El Aguajito is a small town in the state of Sinaloa in Mexico. It lies within a large forested area in the highlands of the state west of the Sierra Madre Occidental Mountains.

==Physical environment==
The climate in this region of the state of Sinaloa is moderate, but humid. The temperatures throughout the year vary between 40 and 100 F. Rains come to this area during the summer months, and along the highest temperatures of the year.

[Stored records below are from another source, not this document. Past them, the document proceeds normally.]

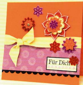
Karte „Für dich“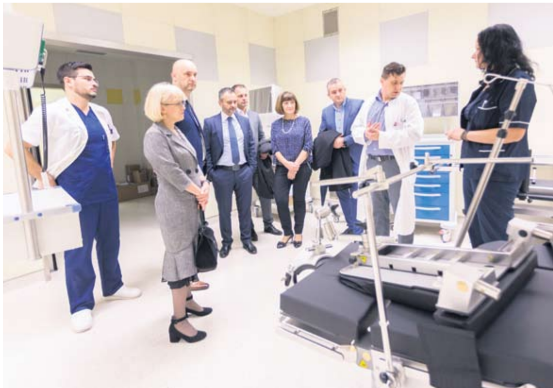
Kvalitetna oprema obradovala je liječnike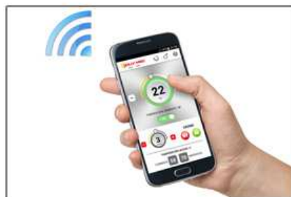
dispositivo WI-FI WI-FI device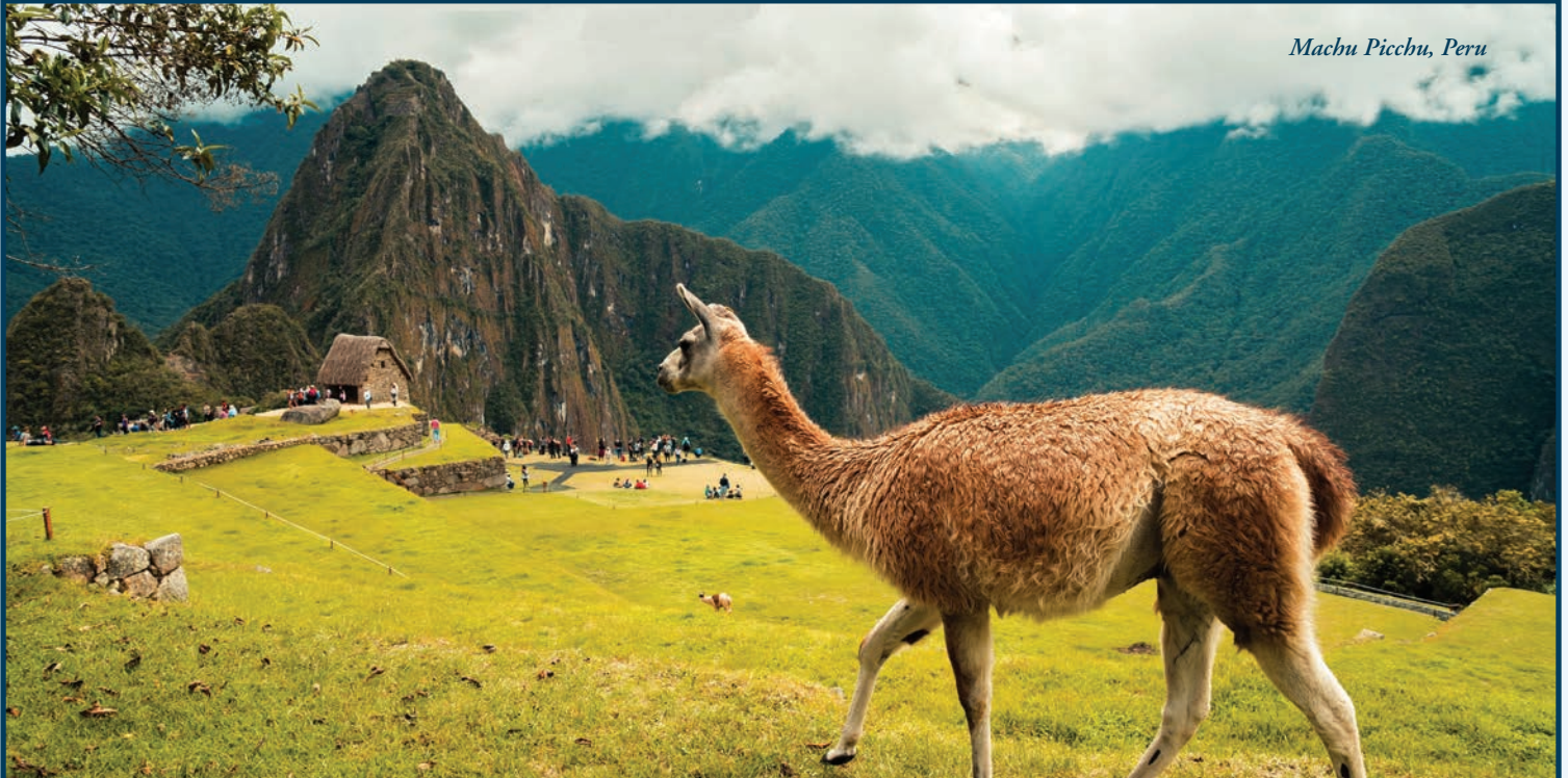
Machu Picchu, Peru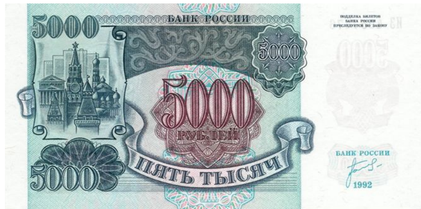
5000 рублей 1992 г. — старые деньги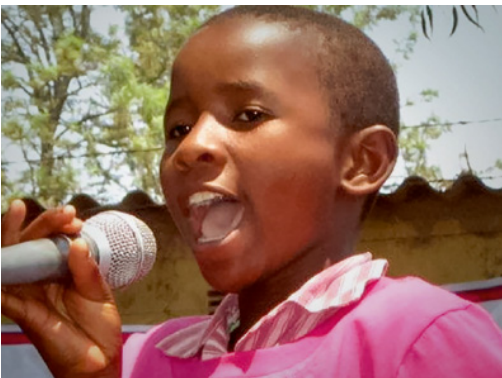
Stipendiatin im 18+ Projekt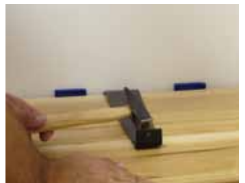
Montážny kit pre drevené parkety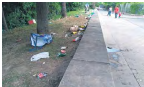
Restos de un botellón en el puente de El Vergel.

En un comunicado, ANAPEH explicó que temía que “la relajación de la sociedad pudiera conducir a una nueva ola de casos y desgraciadamente, así está siendo, y lo está siendo en un momento clave para el turismo y la hostelería, cuando parecía que por fin íbamos a poder levantar cabeza”.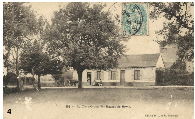
281 - Au Casse-Croûte des Ruines de Rome.

The area serves as home to numerous species of animals ranging from harmless insects to venomous snakes to large animals used in agriculture. The species of animals include tarantulas, venomous scorpions, several species of whip scorpions, many types of lizards, bees, wasps, bats, rattle snakes, vipers, horses, mules, burros, cows, goats, pigs among many others.

==Politics==
The town had about 200 inhabitants, but about half of them emigrated to the United States. El Aguajito is not recognized by the government as an entity of its own; instead, it forms part of the bordering town of Los Troncones. The inhabitants, however, refuse to form part of Los Troncones because there are rivalries among families from the two towns.

==Facilities==
The town has two convenience stores, known as abarrotes. They are both located on the main road, which is called El Camino Real, which is Spanish for Royal Road. One of these abarrotes also serves as an afternoon restaurant on the weekends. The menu consists of simple item such as hot dogs and tortas (a Mexican-style sandwich). It also serves as an entertainment place with its own little arcade where the children go to spend their time.

The town has one school which serves the secondary grades (equivalent to grades 7 to 9 in the United States). The nearest elementary school is in the nearby town of Los Troncones, and the nearest high school, or preparatory school, is located in the town of El Palmar, several miles from El Aguajito.

==Economy==
The main source of income for the people of this town is money transfers that originate from those residing in the United States. There are, however, those who still prefer to farm corn, beans, peanuts, and tomatoes among other crops.

==Cultural life==
The only inhabitants that remain are the elderly and some women and children. However, come the holidays of December, and the town comes to life again. Many people return to this town to spend Christmas and New Years with their family members. There are also numerous celebrations during this time because many people decide to marry or have quinceaneras (coming of age celebrations) during these two exciting weeks. The days before Christmas and the days between Christmas and New Years are reserved for these celebrations regardless of the day of the week.